Over time I came to think and live as though “pleasing God” was the central purpose of my being his child.  Some poor thinking took form, ironically, through things I often heard in church. My understanding of the gospel – God’s good news for all people – had gradually changed to something called  “performance-living”.

I was no longer fully living my faith from the inside out. Rather, becoming Jesus-like seemed to call for taking on the next God-pleasing task assigned me. Such tasks, I was reminded, were what I “should do” if I were indeed a true Christian.

It’s worth noting that none of the Christian performances I undertook were bad. Not at all. They were good, sometimes noble, acts of service.

Like many Christians, as I later realized, many of my “wants” were in the right place. Discovering this brought a measure of comfort. After all, I hungered to please God and longed to be a truly “good Christian”.  One thing that seemed lacking now was joy, the happy measure of joy I had tasted in those earlier God-companioned days.

And too, the sweet empowering love of earlier days began to wane. My good Savior’s springs of abundant living were being traded for an overburdening list of shoulds.

Only later would I recover the way of living Jesus had in mind for his disciples all along. More of a fruit-bearing kind of living. While not all things going forward would prove fun or easy, my way would become characterized more as a joyous, teamed-up partnership with him.

In the company of fellow disciples-in-training, I could move ahead under his accepting, empowering Spirit. The season was to become a very special period of training for me – especially in discovering how eager Jesus was about all this. His label for it, “life in abundance. . . in the easy yoke”.

(c)2022 Jerry Lout

Help En Route

Taking Jesus Christ as both our destination (our full human aim) and our with-God companion, we soon realize (or likely should) that our basic life focus really must change. To quote John the Baptizer, “He (Jesus) must increase, I must decrease.” After all, a Jesus-resemblance does not naturally spring forth through this jar of clay which God unflatteringly labels “dust”.

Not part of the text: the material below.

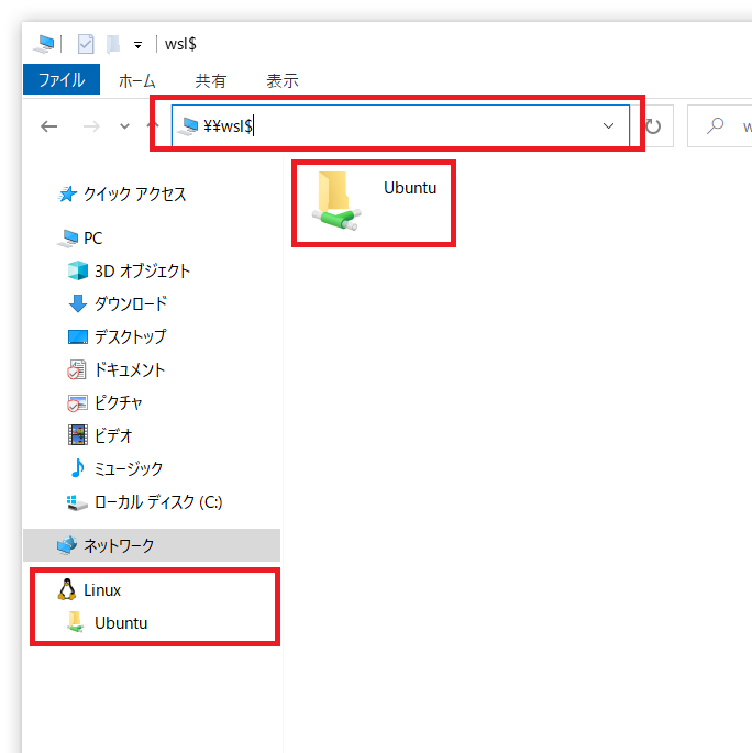 Windows側からLinux(Ubuntu)のデータへアクセスするときは、エクスプローラから直接いけます。

We ask God to lend a hand in training us to live as we are designed to live. He does better, not giving merely his hand but his entire self.

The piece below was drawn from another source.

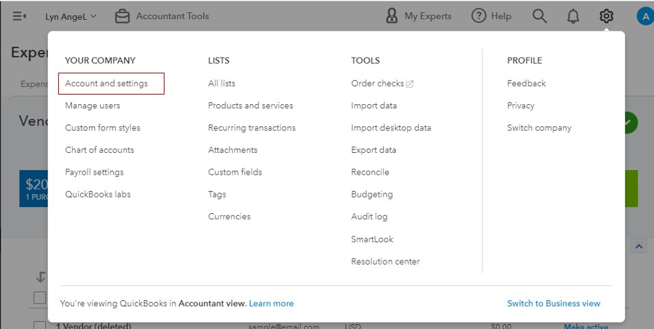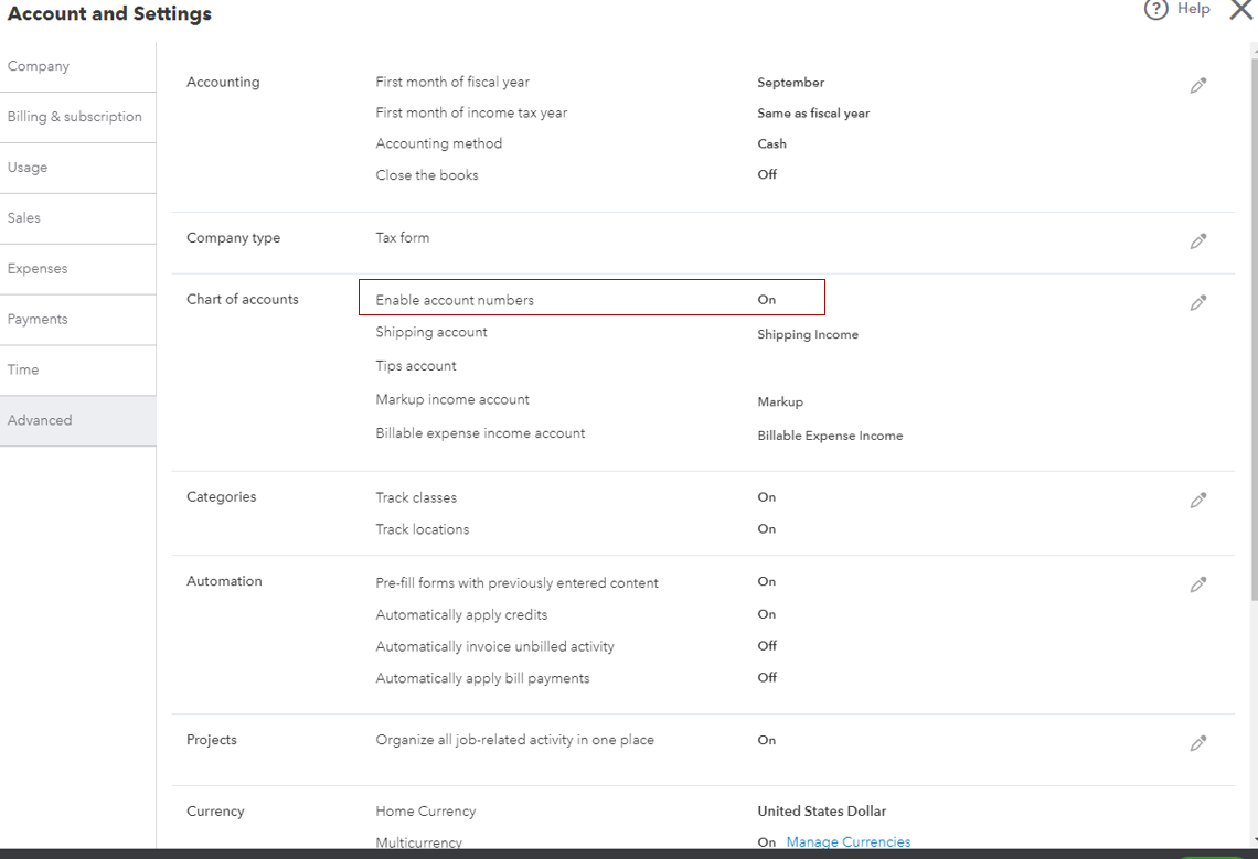 First, let's make sure that your account codes are enabled from the Accounts and Settings window.

Here is how I think this “with-Jesus” living works.

First, he shows to us our need of getting rescued. Next he rescues us through sacrificially dying and then resurrecting. By this means Jesus has supplied us with something incalculable – forgiveness of all wrongs. All.

This is the start.

God now sets us on an entirely new path by which we along with others shall walk. Jesus shares with us his life and his kind of living here, now, in this broken world.

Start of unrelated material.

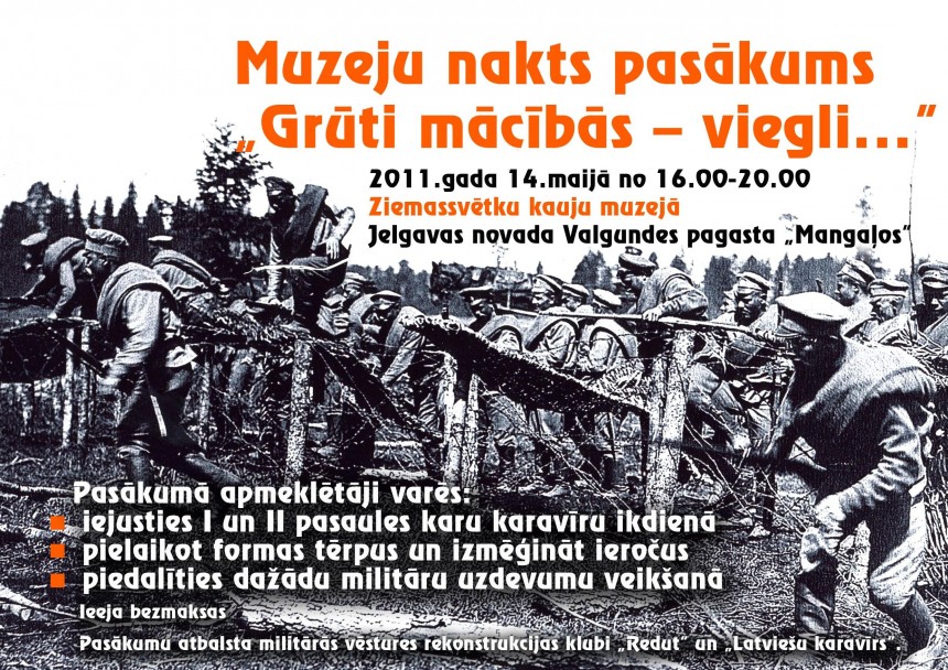 Starptautiskās Muzeju nakts pasākumu ietvaros 2011.gada 14.maijā no 16.00-20.00 Ziemassvētku kauju muzejā Jelgavas novada Valgundes pagasta „Mangaļos” notiks Muzeju nakts pasākums „Grūti mācībās – viegli...”

Also, quite amazingly, God introduces another element. He supplies a Helper – a living, empowering personal helper to aid us throughout. Holy Spirit (the Helper) moves into our lives.

Jesus makes clear that his gracious, all-powerful Holy Spirit is now among us to work mightily in shaping us to grow ever more like our master.

Under the Spirit’s empowering and in the guidance of God’s Word, the Bible, we proceed forward taking wonderful baby steps, in living as Jesus lives. Furthermore, we are helped at nearly every turn by other fellow disciples.

Do we tremble a little with fear? Are we uncertain of what our tomorrows hold? Surely.

Still, faith and love tug us forward.  Confidence in him has taken root.

Family members – those other imperfect but forward-moving disciples – travel with us and we with them. We are indeed an imperfect, sometimes struggling company of persons. Some have employed the term, Ragamuffins. Our aim is Jesus.

We want above all else to be with Jesus and to grow to love like him – to give like him, and to laugh and to weep and to serve like him.

The one way this happens is in spending time with Jesus. Often simply one-on-one, but also with him in the presence of those “others” of his family. They need us. We need them.

Our coming to fully resemble who Jesus is in the world is no sprint.

But in the company of his grace we are set. We lean in.